■ How to complete this task ■
Those lines of the records that contain "para" are to be located and copied.
*** Opening of Entries shown ***
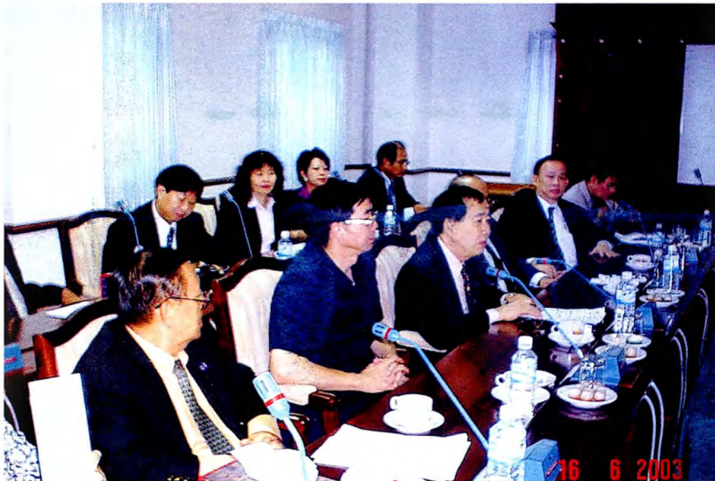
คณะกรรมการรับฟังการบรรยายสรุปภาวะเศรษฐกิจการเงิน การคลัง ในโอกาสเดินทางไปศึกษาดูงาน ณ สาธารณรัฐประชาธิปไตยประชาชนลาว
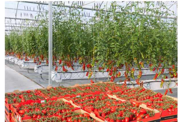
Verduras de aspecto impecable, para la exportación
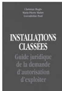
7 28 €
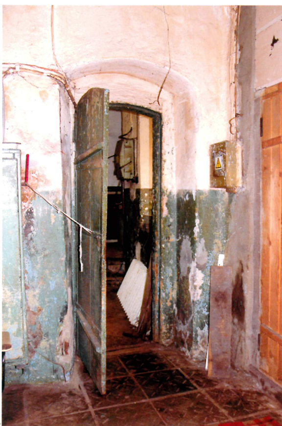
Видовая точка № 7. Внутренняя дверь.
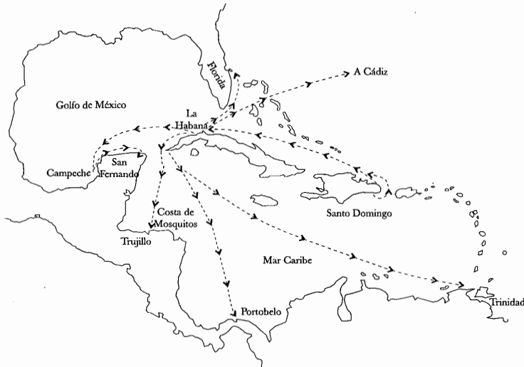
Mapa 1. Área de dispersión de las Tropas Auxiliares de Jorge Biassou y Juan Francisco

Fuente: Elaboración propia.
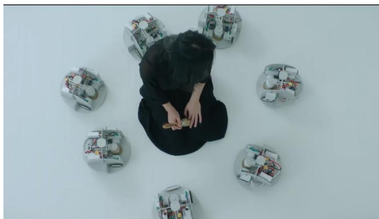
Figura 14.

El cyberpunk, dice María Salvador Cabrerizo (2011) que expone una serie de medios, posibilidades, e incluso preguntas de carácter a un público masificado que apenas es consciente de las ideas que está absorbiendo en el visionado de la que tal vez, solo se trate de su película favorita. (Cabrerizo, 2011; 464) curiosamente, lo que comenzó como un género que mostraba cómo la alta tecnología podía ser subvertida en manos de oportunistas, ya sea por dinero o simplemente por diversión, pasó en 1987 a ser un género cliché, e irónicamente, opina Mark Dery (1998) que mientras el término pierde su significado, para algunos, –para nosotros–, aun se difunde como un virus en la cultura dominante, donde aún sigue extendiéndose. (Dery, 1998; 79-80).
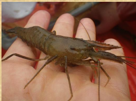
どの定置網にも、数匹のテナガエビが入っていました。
*** Close of Entries shown ***
■ Result below ■
Verduras de aspecto impecable, para la exportación
El cyberpunk, dice María Salvador Cabrerizo (2011) que expone una serie de medios, posibilidades, e incluso preguntas de carácter a un público masificado que apenas es consciente de las ideas que está absorbiendo en el visionado de la que tal vez, solo se trate de su película favorita. (Cabrerizo, 2011; 464) curiosamente, lo que comenzó como un género que mostraba cómo la alta tecnología podía ser subvertida en manos de oportunistas, ya sea por dinero o simplemente por diversión, pasó en 1987 a ser un género cliché, e irónicamente, opina Mark Dery (1998) que mientras el término pierde su significado, para algunos, –para nosotros–, aun se difunde como un virus en la cultura dominante, donde aún sigue extendiéndose. (Dery, 1998; 79-80).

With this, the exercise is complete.